Он слушал меня, кивая головой, не перебивая. Когда я закончила, папенька встал и, протянув мне руку, сказал:
— Пойдем в мой кабинет. Раз уж ты влезла в эту историю, ты должна знать кое-что еще.
Я спрятала таз со своей одеждой под скамью, и мы пошли к папеньке в комнату.
Папенька запер дверь и сел рядом со мной на диван.
— Твой дед был очень сильным колдуном. Когда он умер, тебе было восемь лет. Не знаю, как хорошо ты его помнишь… Какие у тебя воспоминания?
Я подумала немного.
— Ну… он был строгим. Даже суровым. Никогда со мной не играл. Я его побаивалась.
— Да. Он был таким со всеми. Суровым, немногословным. Его жена — моя мама умерла от болезни, когда я был еще маленьким. И меня воспитывала его мать — моя бабушка. Она была очень добрая, мягкая, ласковая. Я благодарен ей за то, что она и во мне воспитала чуткость, доброту и любовь.

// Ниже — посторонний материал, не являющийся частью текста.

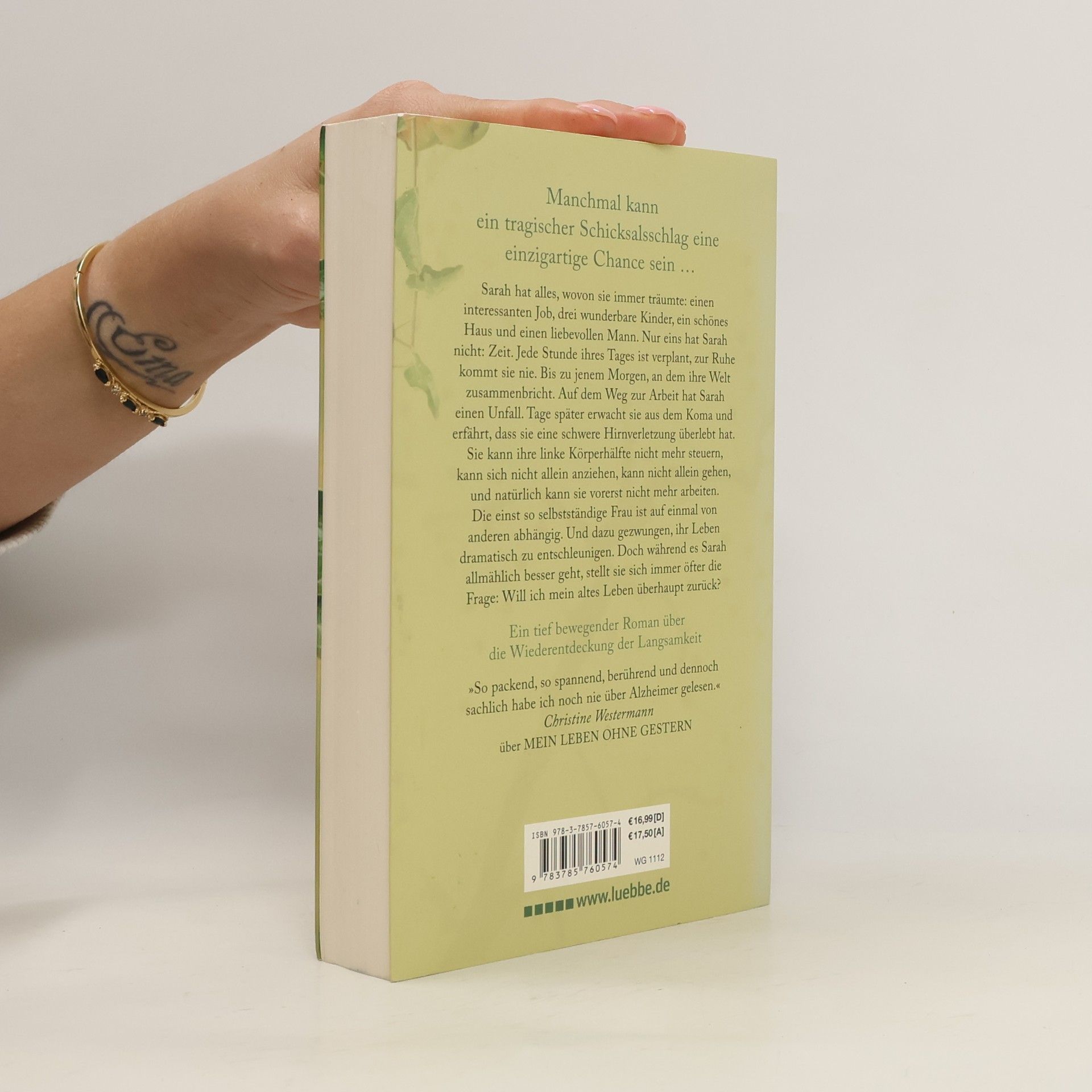 Sarah hat alles, wovon sie immer träumte: einen tollen Job, drei wunderbare Kinder, ein schönes Haus und einen liebevollen Mann. Nur eins hat Sarah nicht: Zeit. Bis zu jenem Morgen, an dem ihre Welt zusammenbricht. Auf dem Weg zur Arbeit hat Sarah einen Unfall. Als sie Tage später aus dem Koma erwacht, kann sie ihre linke Körperhälfte nicht mehr steuern. Die einst so selbstständige Frau ist auf einmal von anderen abhängig. Und dazu gezwungen, ihr Leben dramatisch zu entschleunigen. Doch während es Sarah allmählich besser geht, stellt sie sich immer öfter die Frage: Will ich mein altes Leben überhaupt zurück?

Но, несмотря на свой характер, и на тяготы, доставшиеся ему в жизни, отец все-таки был добрым человеком. Хорь был честным, справедливым. Свое ремесло он выполнял очень добросовестно, — папенька пристально посмотрел на меня, — но под старость лет…
«Под старость лет он встретил женщину, которая смогла затронуть его сердце. Да какая женщина, девчонка еще… Почему это произошло… Ну красивая, ну неглупая, озорная, смелая… Много таких было на его веку. А эта вот — мимо сердца не прошла — зацепила…»
Я, осененная догадкой, медленно спросила: «Это была… Ядвига?»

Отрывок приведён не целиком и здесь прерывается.